Biomass production was assessed by recovering, after six days of incubation, single mycelia from the microplate wells used for aflatoxin accumulation—samples were slightly dried on hands paper and weighted and then values were converted in percentage inhibition respect to control (DMSO-treated cultures). Cultures were inoculated in quadruplicate and experiments were conducted in triplicate.

4.4.6. Sclerotia Inhibition Assays in A. flavus and Sclerotinia spp.
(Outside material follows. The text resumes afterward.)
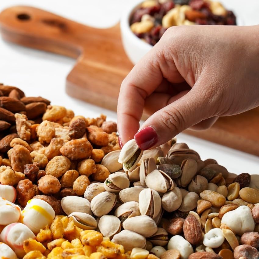 - Q: What types of snacks are included in the Broadway Basketeers Sympathy Nuts Gift Basket? A: The Broadway Basketeers Sympathy Nuts Gift Basket includes a delightful assortment of 10 individually wrapped snacks, featuring sweet and savory options such as creme brulee trail mix, cinnamon peanuts, toasted corn nuts, butter toffee mixed nuts, and berry cherry nut mix.

Sclerotia biogenesis in A. flavus was measured by point-inoculating 5 μL of the aflatoxigenic strain CR10 conidial suspension (approximately 106 conidia/mL) in Petri dishes (Ø = 5 cm) poured with Czapek Dox Agar (CZA) medium added with 100 μM compounds; control plates were amended with 1% (v/v) DMSO. After two weeks of incubation at 30 ˚C in darkness, sclerotia were manually scraped from the colonies surface, washed with a 70% ethanol solution, dried for three days at 60 °C then weighted. Inhibition rate on sclerotia production was expressed as percentage respect to the control (mg/colony area). Plates were inoculated in triplicate. For Sclerotinia spp., a mycelium plug was cultured in Petri dishes (Ø = 5 cm) poured with Czapek Dox Agar (CZA) medium added with 100 μM compounds and incubated as above. Sclerotia were manually collected from plates and counted. Inhibition rate was expressed as a percentage with respect to the control (nr/colony area).

4.4.7. Statistical Analysis of Biological Data

One-way analysis of variance (Past 3.x software) was used for data analyses. Tukey’s test was applied to the data relative to mycelial growth, mycotoxin accumulation and sclerotia production; differences were regarded as significant at p < 0.05.

5. Conclusions

Recently, in Europe even more restriction rules have been introduced for Cu containing molecules in the management of defense strategies against fungal pathogens. This because Cu, if massively used, tends to accumulate in soils, so far becoming a pollutant for the environment threatening the human health [46]. For these reasons, an urgent need for the development of alternatives to reduce chemical inputs and environmental Cu accumulation is required, particularly in agricultural soils [47]. In the last decades, research efforts led to a better understanding of molecular and biochemical mechanisms driving plant and fungal response to certain phytohormones, including JA; however, only a few findings suggested a possible direct interaction between JA-related compounds and fungal plant pathogens, also in terms of mycotoxins production. Our results definitely assessed how some thiosemicarbazonic JA-derived molecules (and in particular JTS) can exert a containment effect on both fungal growth/development and secondary metabolism in phytopathogenic species infecting agriculturally important crops, such as grape, cereals and horticultural species, being thus extremely interesting for plant health control strategies and food security purposes.